We are learning about sentimentality in my Victorian Literature class. Today it is ungodly hot: ninety-five degrees with humidity that covers you like a warm, wet blanket. We are studying Oliver Twist. In this section, thieves are convincing Oliver to steal. He falls to his knees exclaiming: Oh! For God’s sake let me go! Let me run away and die in the fields.
Sentimentality: the expression of extreme emotion; excessive, exaggerated. This is how my teacher describes it. She is average height, average weight. Today she’s wearing a long beige skirt with a green leaf pattern and a matching green sweater. Her silver hair is puffy and reaches the tops of her shoulders. She has a voice like a baby lamb; when she laughs I smile along, though I am not sure what’s funny. I wonder if she misses her husband—he lives on the other side of the world for half the year.

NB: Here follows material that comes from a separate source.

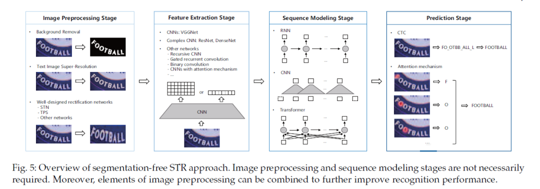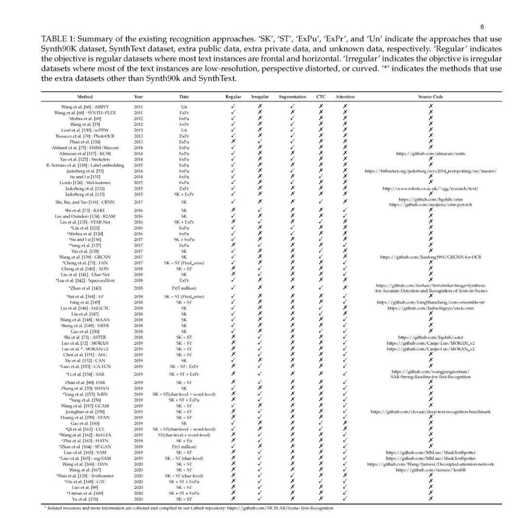 在文献[26],[27],[28],[29],[30],[31]中有一些STR综述。然而,上述[26]、[27]、[28]、[29]、[30]的调查大多已经过时。许多最近的进展,如2018年和2020年开发的算法,都没有包括在这些调查中。我们建议读者阅读这些论文,以获得更全面的历史文献综述。此外,Zhu等人的[29]和Long等人的[31]综述了场景文本检测和识别的方法。Yin等人研究了视频中文本检测、跟踪和识别的算法。与这些调查不同的是,我们的论文主要关注STR,旨在对这一领域提供更详细和全面的概述。

I wonder, at night, if she longs for the simple things—hands that brush back strands of that silvery hair, dried lips that press softly against her powdered cheek.
My nights, especially the nights that I indulge in a glass or two of sweet, red wine I cry over the kisses I feel I’ve missed, sniffle at the feel of a stiff set of shoulders brushed up against my back. I remember hands touching skin, quiet smiles.
In class I brush through the pages of my textbook, feel the softness of the paper. I imagine what it would like to be a poor boy, alone. I wonder would it would be like to be a woman with silvery hair, hugging a pillow to her empty chest.
Sentimentality / sen – ti – men – tal – ity: excessive tenderness, nostalgia.